# DATA SEGMENT:
____

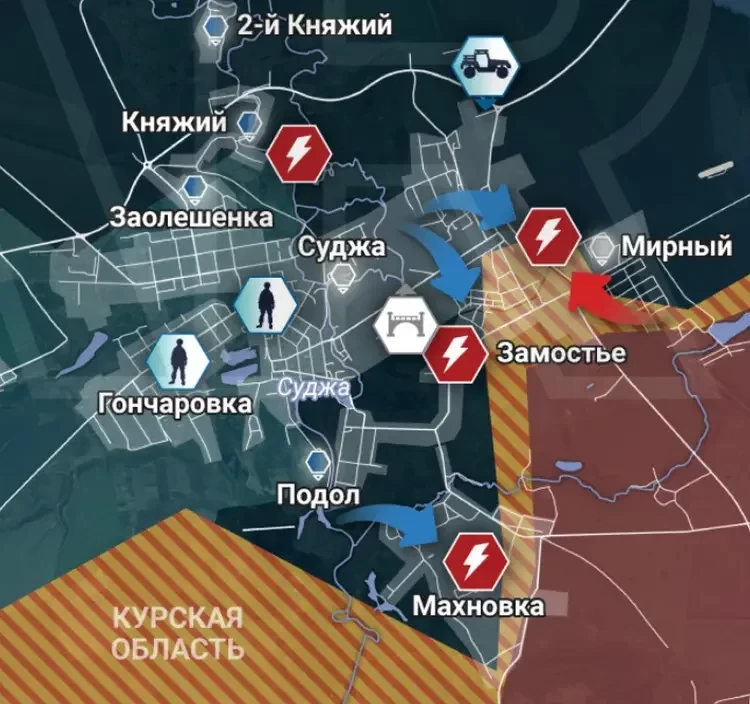 Судьба Суджи остаётся неизвестной. Предположительно, город находится в "серой зоне". Вчера было очень много сообщений с этого района, которые довольно сильно разнятся. Разные источники сообщают совершенно разную информацию о контроле над населённым пунктом. Например, Рыбарь, карты которого используются в сводке для Курского направления, утверждает:
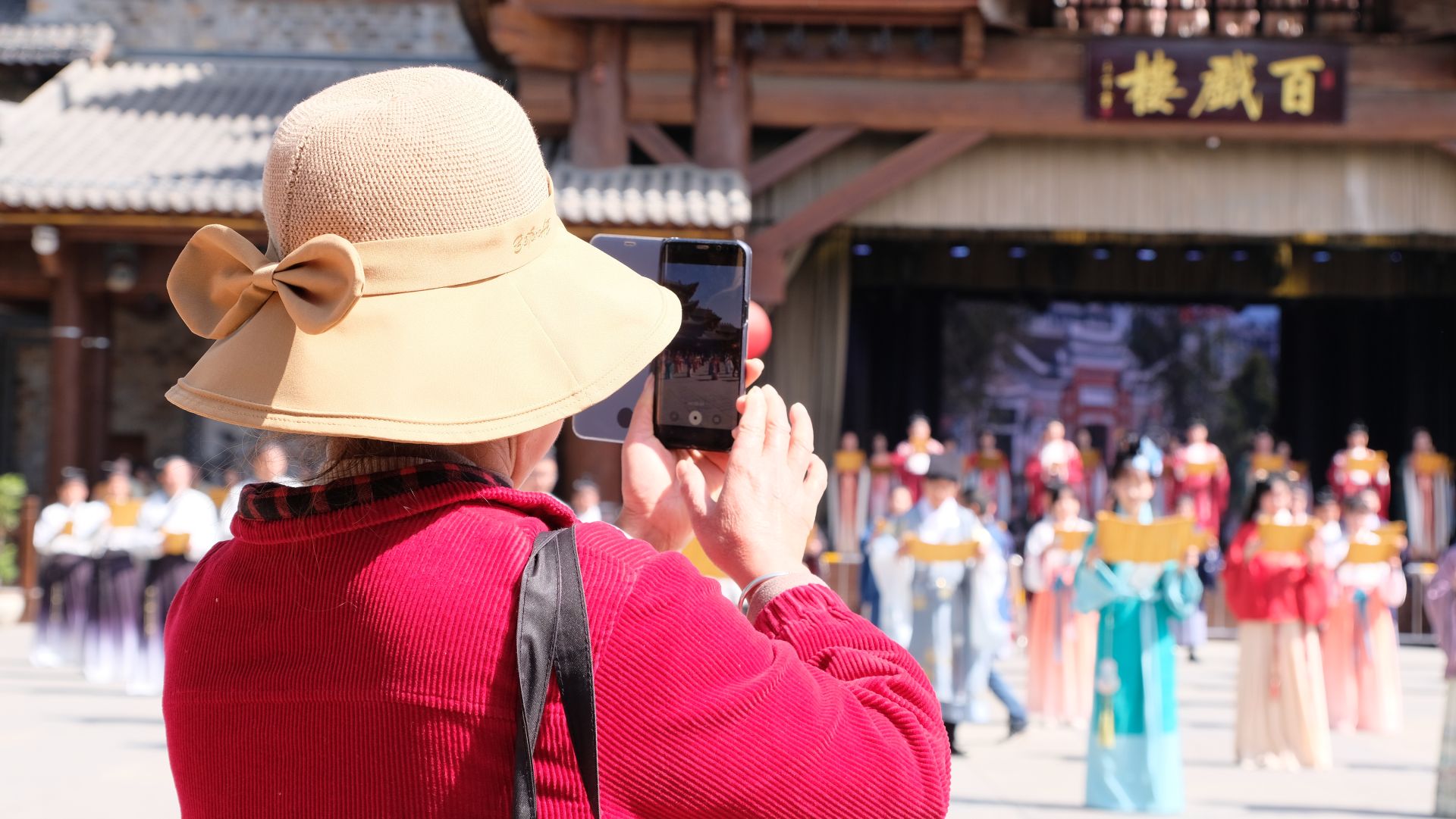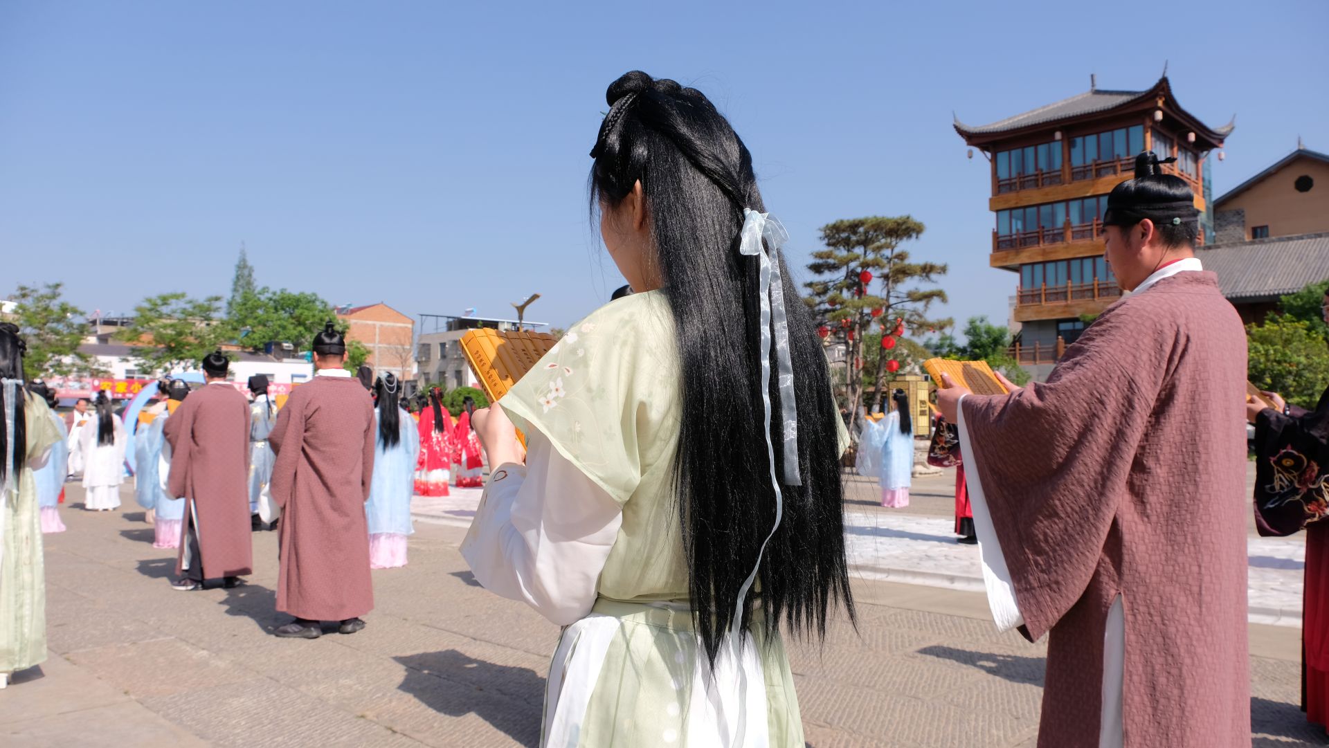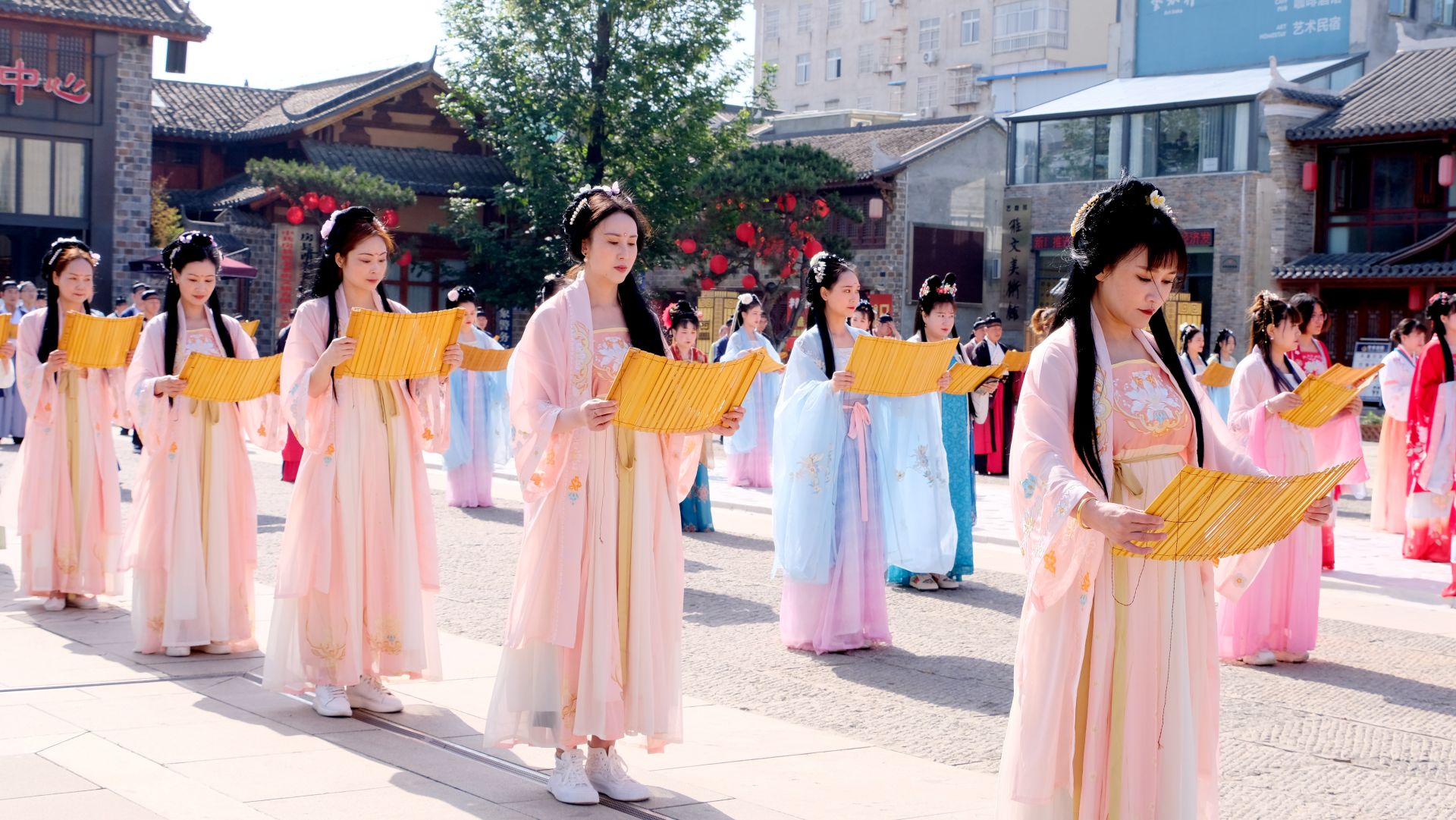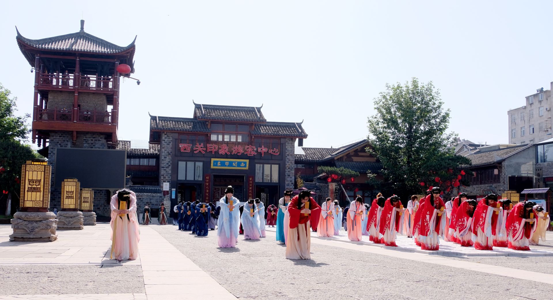 上午9時(shí),現(xiàn)場(chǎng)人員著不同系列的漢服在西關(guān)印象·周南廣場(chǎng)舉行周禮迎賓儀式,儀式再現(xiàn)了“禮樂安邦”的恢弘場(chǎng)景,通過場(chǎng)景化的方式帶領(lǐng)現(xiàn)場(chǎng)游客們沉浸式感受千里房縣·詩(shī)酒遠(yuǎn)方的美好意境。
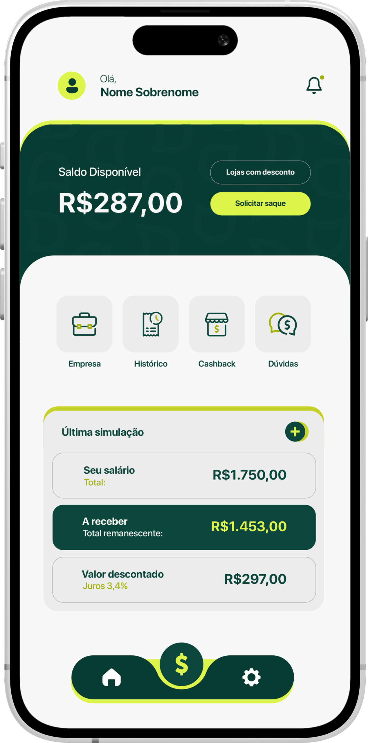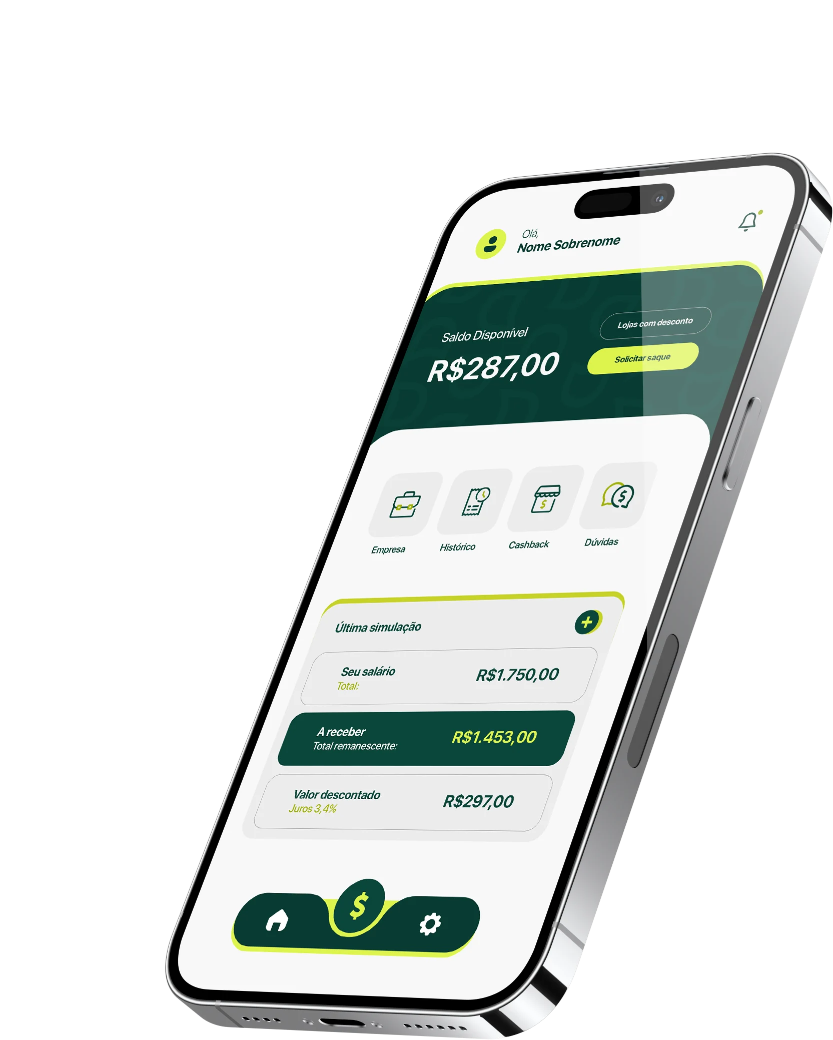 Pelo nosso aplicativo, você solicita uma pequena antecipação que será descontada automaticamente do seu salário (para trabalhadores CLT e assalariados) ou do seu benefício (no caso de aposentados e pensionistas).

____

Recopy the whole listing above precisely, excluding images.

# RESPONSE:
 Судьба Суджи остаётся неизвестной. Предположительно, город находится в "серой зоне". Вчера было очень много сообщений с этого района, которые довольно сильно разнятся. Разные источники сообщают совершенно разную информацию о контроле над населённым пунктом. Например, Рыбарь, карты которого используются в сводке для Курского направления, утверждает:
 上午9時(shí),現(xiàn)場(chǎng)人員著不同系列的漢服在西關(guān)印象·周南廣場(chǎng)舉行周禮迎賓儀式,儀式再現(xiàn)了“禮樂安邦”的恢弘場(chǎng)景,通過場(chǎng)景化的方式帶領(lǐng)現(xiàn)場(chǎng)游客們沉浸式感受千里房縣·詩(shī)酒遠(yuǎn)方的美好意境。
 Pelo nosso aplicativo, você solicita uma pequena antecipação que será descontada automaticamente do seu salário (para trabalhadores CLT e assalariados) ou do seu benefício (no caso de aposentados e pensionistas).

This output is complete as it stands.